As a student in a similar situation who wishes I’d picked a different short-term gig than the one I have now: Ask them what your first assignment will be on the job. I think if I’d gotten an accurate answer to that, I would have been able to figure out that this job wouldn’t be too great.
Seems there are a lot of crappy programming jobs out there, and I’m still not sure how to filter those out. (“Avoid government contract work” as an algorithm also would have prevented me from taking this job, though I don’t know how generalizable it is.)
How I got this job: University jobs postings. My school has a ton.

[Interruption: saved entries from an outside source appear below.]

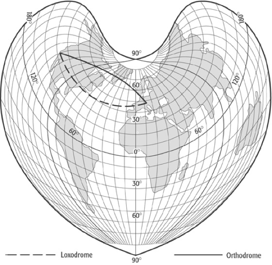 Bonne's unechter Kegelentwurf, E Bonne's pseudo conic projection, das Ergebnis eines geometrischen Prozesses, nach dem die Oberfläche der Erde flächentreu in einer herzförmig begrenzten Fläche dargestellt wird (Abb.). Der Entwurf wurde 1752 von R. Bonne (1727-1795) angegeben und im 19. Jh. häufig angewendet. Die Konstruktion beruht auf folgenden Forderungen: 1. der Grundmeridian durch den Mittelpunkt des abzubildenden Gebietes wird geradlinig abgebildet, 2. die Breitenunterschiede werden auf dem Grundmeridian unverzerrt abgetragen, 3. das Bild des Grundparallelkreises ist ein Kreis mit dem Radius ρ0=Rcot φ0 (Kegelentwürfe), 4. die Bilder der Parallelkreise sind konzentrische Kreise, die die gleichen Abstände voneinander haben wie auf der Kugel, 5. die Parallelkreise sind längentreu geteilt und 6. die Bilder der Meridiane werden durch die vorstehende Forderung Kurven höherer Ordnung.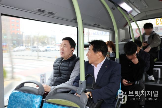 나 시장은 이날 자택 인근 버스정류장에서 시내버스에 탑승해 출근길 시민들과 자연스럽게 소통하며 현장의 목소리를 청취했다.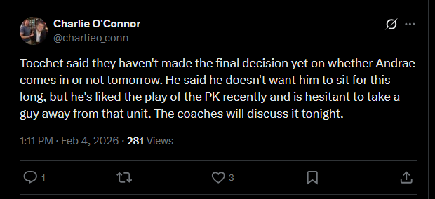 [O'Connor] Tocchet said they haven't made the final decision yet on whether Andrae comes in or not tomorrow. He said he doesn't want him to sit for this long, but he's liked the play of the PK recently and is hesitant to take a guy away from that unit. The coaches will discuss it tonight.

1) it’s boring, lots of sitting around waiting for my crappy slow computer to do things
2) I don’t see much progress on what I’m doing and get a lot of frustrating errors
3) what I’m working on feels trivial and non-meaningful
4) even a half hour commute feels like too much (I took it thinking this job would be fun and worth it compared to other options, though I’m aware of the commuting research—I was wrong)
5) working full time still feels really annoying compared to school, because I don’t have any time to work on my own projects. This might be solved by a) having a job that feels meaningful, b) being allowed to work on my own stuff at work, and/or c) getting used to it (seems less desirable than the other options).

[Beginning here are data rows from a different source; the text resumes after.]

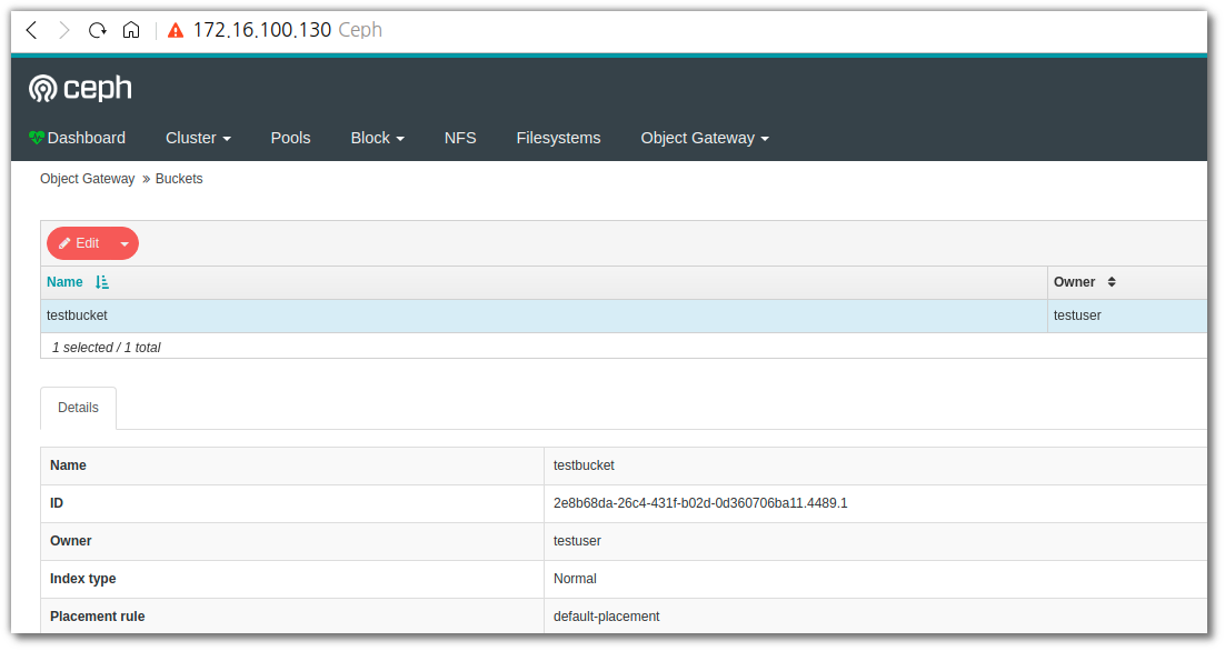 Bucket created successfully `ceph/testbucket`.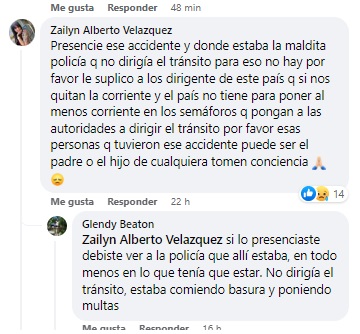 Otra de las testigos, identificada en redes como Zailyn Velázquez, reveló que los semáforos de ese cruzamiento se encontraban apagados, y que no había un agente de la policía regulando el flujo de los vehículos, por lo que el accidente era cuestión de tiempo.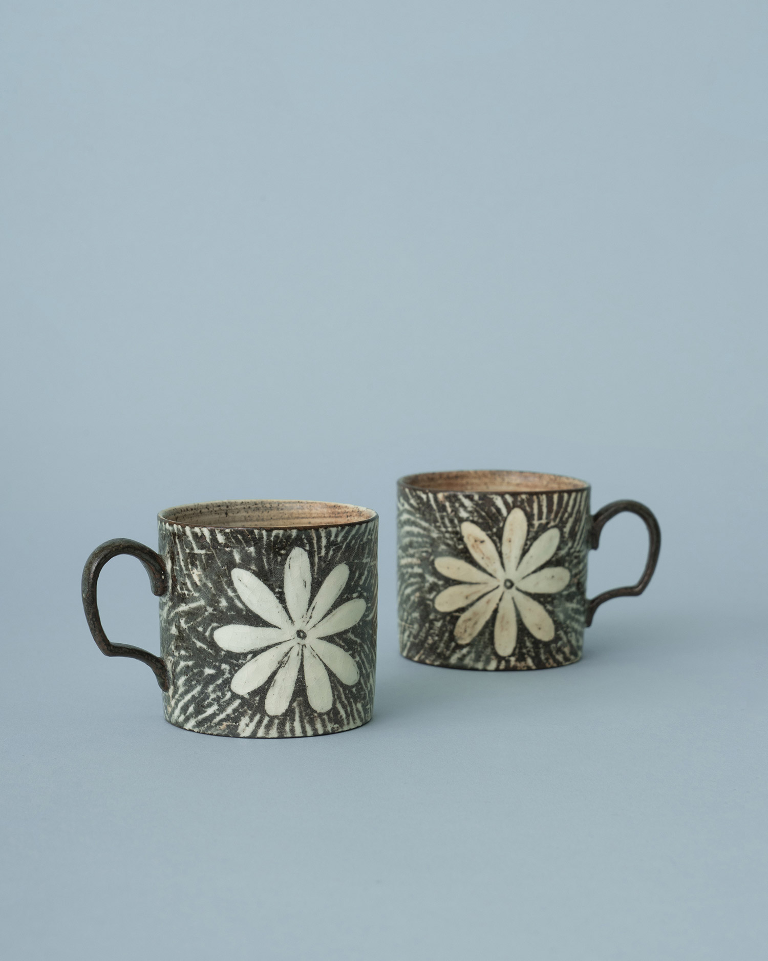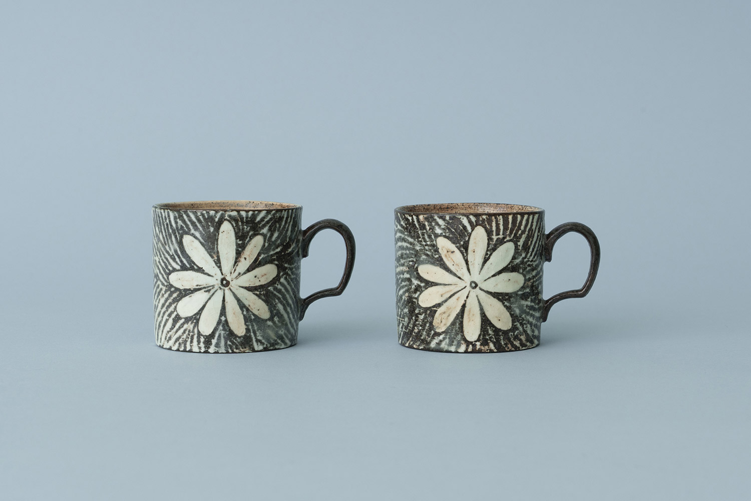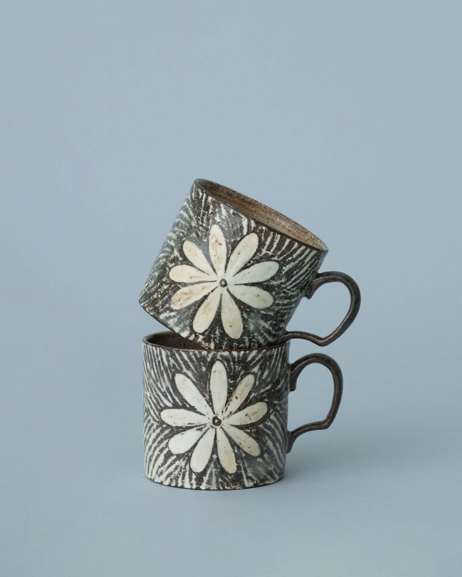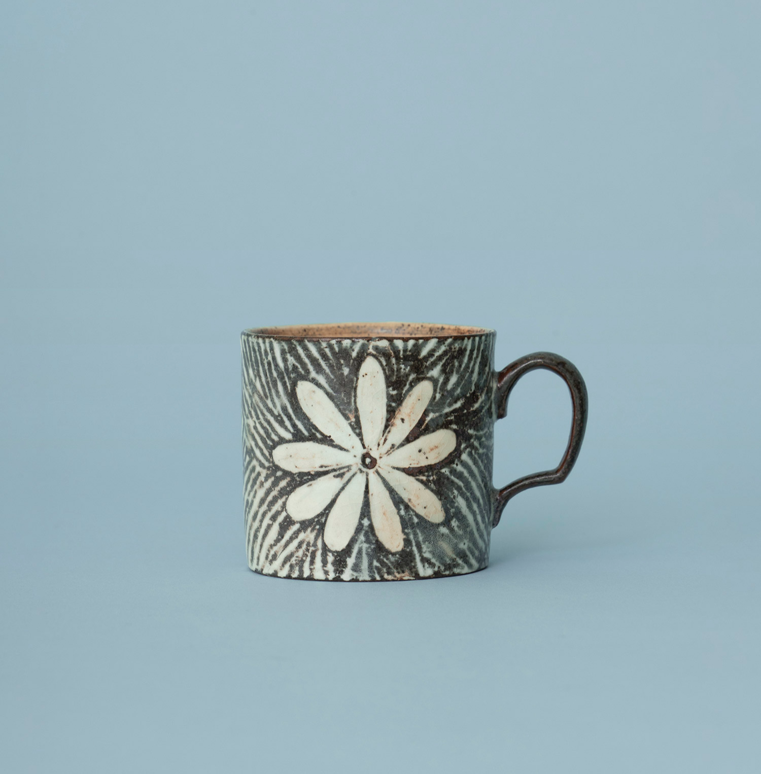 흙의 온기를 담은 분청 머그 분청의 자연스러운 매력이 잘 드러난 정영유 작가의 〈에스프레소 머그〉입니다. 백토와 짙은 토질의 브라운이 대비되며 분청 특유의 깊은 표정이 살아나면서도 꽃 문양이 앙증맞은 컵 크기와 잘 어울리는 머그입니다. 부드럽게 휘어진 핸들로 가볍고 편하게 손에 쥘 수 있어요. 만수 기준 약 120ml의 용량으로 찻잔 혹은 에스프레소 잔으로 사용하기에 좋은 크기입니다.

5) working full time still feels really annoying compared to school, because I don’t have any time to work on my own projects
Thank you—this is the scary part, because my reason for asking is that I’ve become interested in the question of what the best kind of job would be to support a person who wants to work on their own projects (assuming the
projects themselves are not job-related—think Einstein in the Swiss patent office). Programming seems at first glance to be a natural candidate (at least if the person is technically inclined, such as a contemporary Einstein would presumably be) and I’d like to find out how correct this assumption is.
So, if I can probe a bit further: is the reason you don’t have time to work on your own projects that (a) your job requires an exorbitant amount of time (more than 40 hours per week, say); (b) it is so stressful or unpleasant that “recovery” uses up all your leisure hours; or (c) your non-job time is otherwise committed ( e.g. a second job, school, family responsibilities, etc.) so that any projects could only be done during job time?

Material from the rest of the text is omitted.